3 Steps to Find Lead Indicators

by Stacey Barr |

Lead indicators, to some, are the holy grail of performance measures. They are mysterious, difficult to find, and yet upheld as the ideal and most treasured of performance measures or KPIs. What exactly are they, why are they valued so highly and why are they so elusive?

Lead indicators help up see the likely future of our lag indicators

Humans have an obsession with the future, and in particular, predicting it. We forecast, we model, we extrapolate. Of course, it’s little more than guessing.

Patterns from the past can give us clues about the future, but we have to make lots of assumptions about how conditions in the future will shape those historic patterns.

Lead indicators aren’t the same as forecasting or extrapolating.

We’re not using historic data about a measure to predict how that same measure might behave in the future. It’s not the same as using historic patterns in staff turnover to predict future staff turnover.

A lead indicator is a measure that suggests how another measure, the lag measure, might behave in the future.

If we want to predict future Staff Turnover we could look to other measures that have a known impact on Staff Turnover. For example, we might look to an Employee Engagement Score, or measures of new recruit satisfaction with their work or with their manager or with their coworkers.

These results can predict Staff Turnover because usually they start turning down well before people decide to leave. There’s a time lag. So a lead indicator has a cause-effect relationship to the lag measure you’re interested in predicting, but it’s a cause-effect relationship with a time lag. And they give us, therefore, the power to change things now, to influence the future we want.

You can guess or hypothesise what the lead indicators might be for your lag measure. But the best way is to use data to confirm the strongest relationships, and the size of the cause-effect time lag. Here’s the process:

Step 1: Check the research for known explanatory factors.

Research to find out if anyone else has established a list of factors that do have a relationship with your lag measure. For example, if your lag measure is Staff Turnover, you’d read articles from HR journals and magazines to find out if anyone has already tested the factors that most affect the likelihood of staff leaving an organisation.

Researching is important, because it will save you lots of time you could otherwise waste in chasing very weak potential lead indicators, should you just brainstorm them.

Step 2: Check your business processes for new potential explanatory factors.

Flowchart the business process that your lag measure relates to. If your lag measure is Sales Revenue, then you might flowchart both the marketing and the sales processes to identify potential steps that have a significant impact on sales revenue.

For each of the early process steps, you’d describe the result that has the impact. For example, in the marketing process you might decide that your content creation step impacts significantly on Sales Revenue. You might describe the result that has the impact as ‘relevance of our content to the target market’. You could measure this result in two ways: Average Visit Time on Content Pages, or the Email Newsletter Open Rate. These two measures are potential lead indicators.

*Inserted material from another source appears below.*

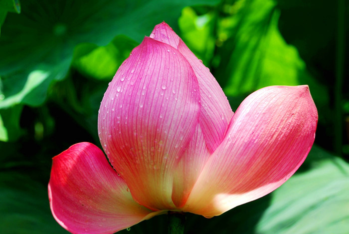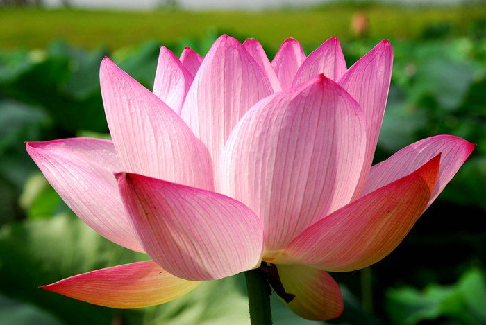 夏天是荷花盛開的季節(jié)。荷花是一種水生花卉,根系橫向生長,扎根在河塘的淤泥之中。長出水面的莖干筆直渾圓,葉片呈圓形,碧綠色,大小在25-90厘米之間。荷花的直徑在10-20厘米之間,有粉、紅、白3種顏色,花瓣脈路清晰,花蕊為金黃色,非常美麗。它通常在春季生根、發(fā)芽,然后在夏季逐漸長大。
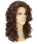 HPO Adult Men WIG Hippie Rock Wavy Mahogany Brown Lightweight Synthetic Fiber, Perfect for 60s & 70s Costumes Halloween and Retro Events,Breathable cap for comfort

Using your business processes naturally helps you find lead indicators because the early steps in a process occur earlier in time than the lag result does. But beware, because sometimes powerful lead indicators can lie in other business processes that don’t directly produce your lag result. You could imagine without much difficulty that if the service delivery process consistently over-promised and under-delivered, Sales Revenue would eventually nose-dive alongside the organisation’s reputation.

Step 3: Choose the strongest of your potential lead indicators.

When you’ve got your list of potential lead indicators, you then gather data for these and look for the strength and time-lag in their relationships with your lag measure.

Perhaps you’ve listed several potential lead indicators for your lag measure of Customer Retention Rate:

  • Speed of Resolving Customer Inquiries
  • Frequency of Customer Contact
  • % of Customer Contacts Made by Assigned Customer Relationship Manager
  • Days Between Broken Promises

Gather together the data for all these potential lead indicators and for the lag measure and start plotting. A scatter plot will help you see the strength of the relationships, and a time series plot will help you see the time lags.

While there is some science and method to finding lead indicators, there’s also a touch of art, too. It takes practice and experience to build the wisdom to find very powerful lead indicators. So start practicing!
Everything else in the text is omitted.